My research interests currently go into two directions. One is the past and present of environmentalism. I am about to publish a book on the Green Germany, which is a synthesis on German environmental history as well as a reflection on where environmentalism is standing in the twenty-first century. I plan to follow up with a book that is essentially an archaeology of environmentalism: an investigation into places and events that resonated globally. The project follows the intellectual tradition of “sites of memory” (lieux de mémoire) and aims for that holy grail of memory research, global sites of memory. In fact, the more I work on this book, the less I am certain that it is still an environmental history book, but maybe I should not worry too much about academic classification. The point is that there is a transnational level of collective awareness hidden in artefacts and environmental challenges that we can study at great merit as part of global memory.   

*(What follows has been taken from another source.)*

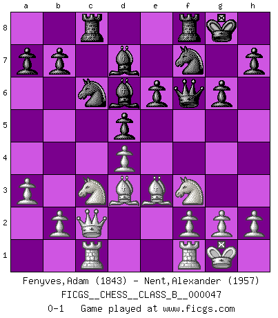 Last move : 0-1 2008 August 20 18:40:15 [Event "FICGS__CHESS__CLASS_B__000047"] [Site "FICGS"] [Date "2008.05.22"] [Round "1"] [White "Fenyves,Adam"] [Black "Nent,Alexander"] [Result "0-1"] [WhiteElo "1843"] [BlackElo "1957"] 1.e4 e6 2.d4 d5 3.e5 c5 4.c3 Nc6 5.Nf3 Nh6 6.Bd3 cxd4 7.cxd4 f6 8.O-O Nf7 9.exf6 Qxf6 10.Be3 Bd6 11.Nc3 O-O 12.Qc2 g6 13.a3 Bd7 14.Rac1 Rac8 0-1 French : Advance, Paulsen attack Kingside Castling by player White (move 8) Kingside Castling by player Black (move 11) Player Black won this chess game. Follow this game move after move (download)The Chess pieces are the block alphabet which shapes thoughts; and these thoughts, although making a visual design on the chessboard, express their beauty abstractly, like a poem. (Marcel Duchamp) Aljechin war kein Nazi. Er war ein Opportunist. Ein schrecklicher Mann. Er liebte Geld über alles und würde für Geld ein Jude, ein Katolik oder ein Protestant werden. (Miguel Najdorf) Preferería tener un Peón que un dedo. (Reuben Fine) Toutes les manuvres exécutées sur une colonne ouverte ont pour but ultime l'intrusion définitive sur la septième ou la huitième rangée, en plein cur de la position ennemie. (Aaron Nimzovitch) You can only get smarter by playing a smarter opponent. (Revolver, movie)

My other concern is with resources. I am currently building a research group on the global world of monoculture that seeks to understand why production systems all over the world, from coniferous forests in central Europe to soybeans in Brazil are tilting towards a reliance on a single crop during the modern era. The working argument is that there may be something akin to a “mind of monoculture,” which we can observe in very different societies all over the world. I also worked on non-organic resources and found the similarities between mining, forestry and agriculture striking. Enthused by the current academic talk about neo-materialism, I fantasize about writing a global resource history in my megalomaniac hours.